Борис Парамонов на радио "Свобода" 2012 (январь) - 2013 (май) | страница 14
Диктор: На сцене были ровные доски посередине, с боков стояли крашеные картины, изображавшие деревья, позади было протянуто полотно на досках. В середине сцены сидели девицы в красных корсажах и белых юбках. Одна, очень толстая, в шелковом белом платье, сидела особо, на низкой скамеечке, к которой был приклеен сзади зеленый картон. Все они пели что-то. Когда они кончили свою песню, девица в белом подошла к будочке суфлера, и к ней подошел мужчина в шелковых, в обтяжку, панталонах на толстых ногах, с пером и кинжалом, и стал петь и разводить руками.

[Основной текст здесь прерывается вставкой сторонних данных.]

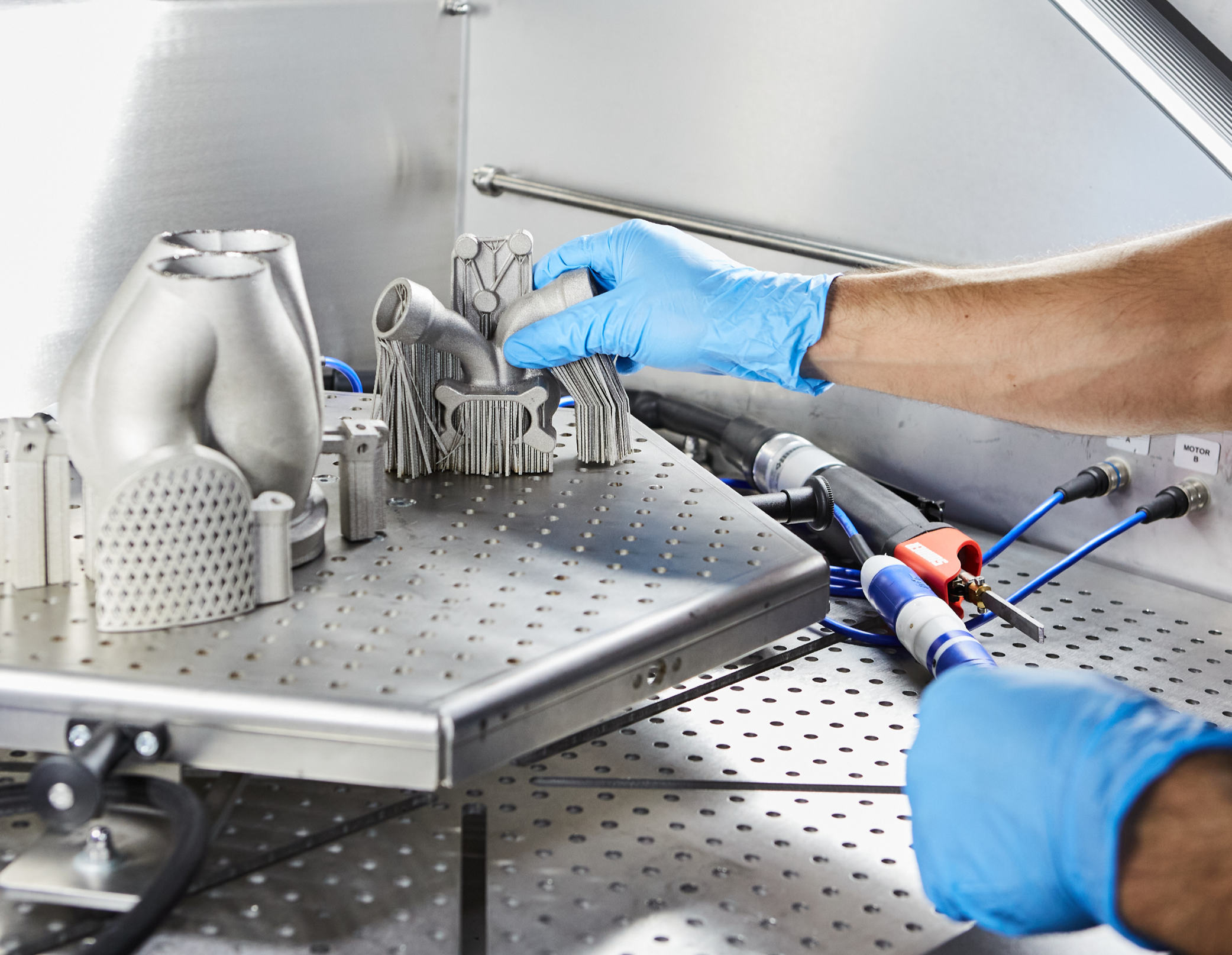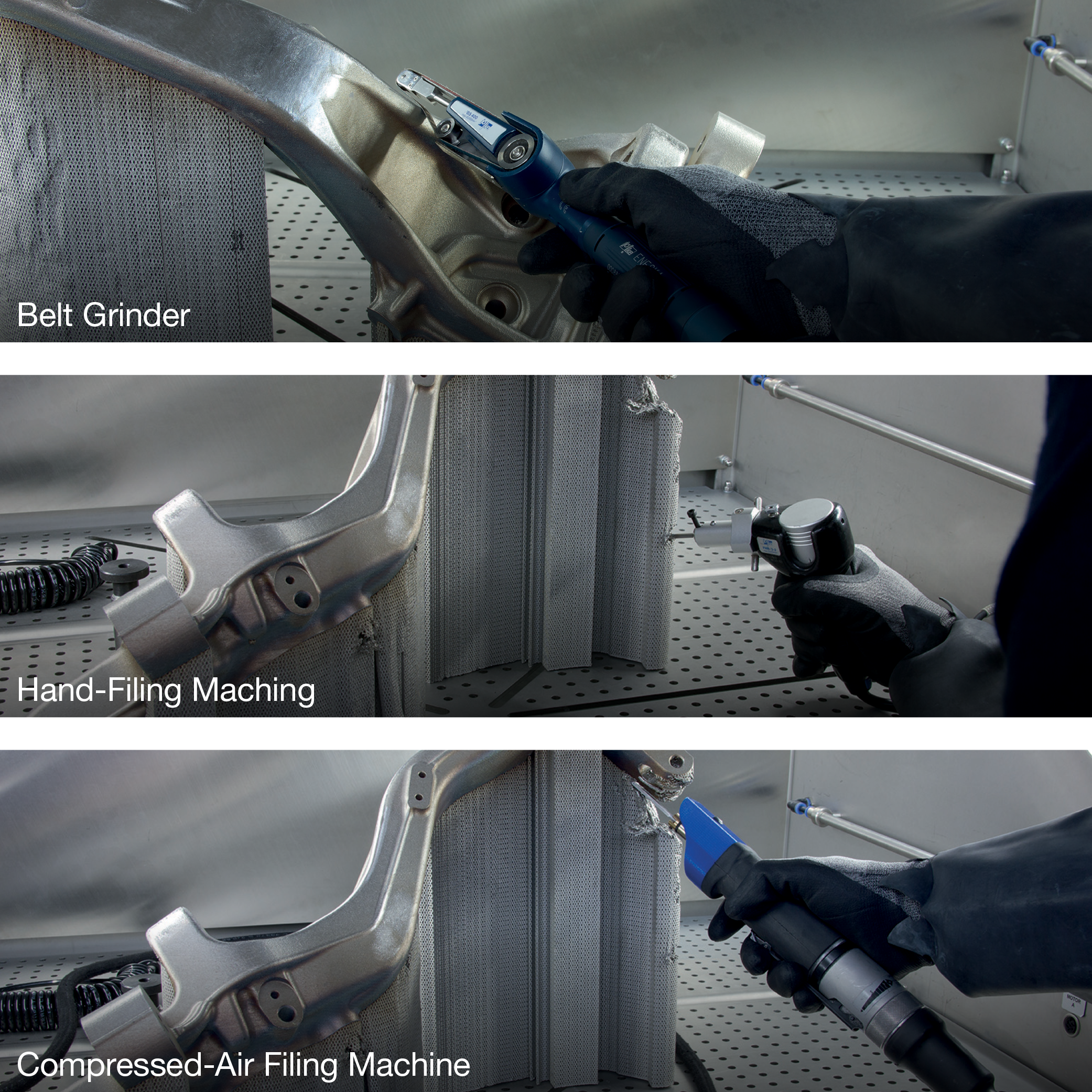 With built-in connections for many tools and larger hand inlets, the work station can be used for a wide range of post-processing tasks such as support and substrate removal, grinding, deburring, and polishing.

Мужчина в обтянутых панталонах пропел один, потом пропела она. Потом оба замолкли, заиграла музыка, и мужчина стал перебирать пальцами руку девицы в белом платье, очевидно ожидая опять такта, чтобы начать свою партию вместе с нею. Они пропели вдвоем, и все в театре стали хлопать и кричать, а мужчина и женщина на сцене, которые изображали влюбленных, стали, улыбаясь и разводя руками, кланяться. (…)
Во втором акте были картины, изображающие монументы, и была дыра в полотне, изображающая луну, и абажуры на рампе подняли, и стали играть в басу трубы и контрабасы, и справа и слева вышло много людей в черных мантиях. Люди стали махать руками, и в руках у них было что-то вроде кинжалов; потом прибежали еще какие-то люди и стали тащить прочь ту девицу, которая была прежде в белом, а теперь в голубом платье. Они не утащили ее сразу, а долго с ней пели, а потом уже ее утащили, и за кулисами ударили три раза во что-то металлическое, и все стали на колени и запели молитву. Несколько раз все эти действия прерывались восторженными криками зрителей.
Но вдруг сделалась буря, в оркестре послышались хроматические гаммы и аккорды уменьшенной септимы, и все побежали и потащили опять одного из присутствующих за кулисы, и занавесь опустилась».
Борис Парамонов: Как видим, вместо оперы в ее содержательном наполнении описывается механизм театрального представления. Происходит резкий семантический сдвиг, значимый план уходит на второе место, а на первое выдвигается вещная оболочка. Это мотивировано рассеянностью Наташи, невесты князя Андрея, за которой напористо ухаживает Анатоль. Опера десублимируется, из нее уходит культурный смысл и обнажается грубая изнанка сценической машинерии. Это производит впечатление сатиры. И действительно, игра с приемом остранения как раз у Толстого чаще всего служит сатирическим целям. Самым, так сказать, скандальным случаем стало описание богослужения в романе «Воскресение». Это тоже довольно пространное описание, но я вспомнил сходный случай у другого очень хорошего писателя Леонида Добычина, буквально одна фраза, «Из церкви вышел служка с медным чайником – пошел за кипяченой водой для причастия».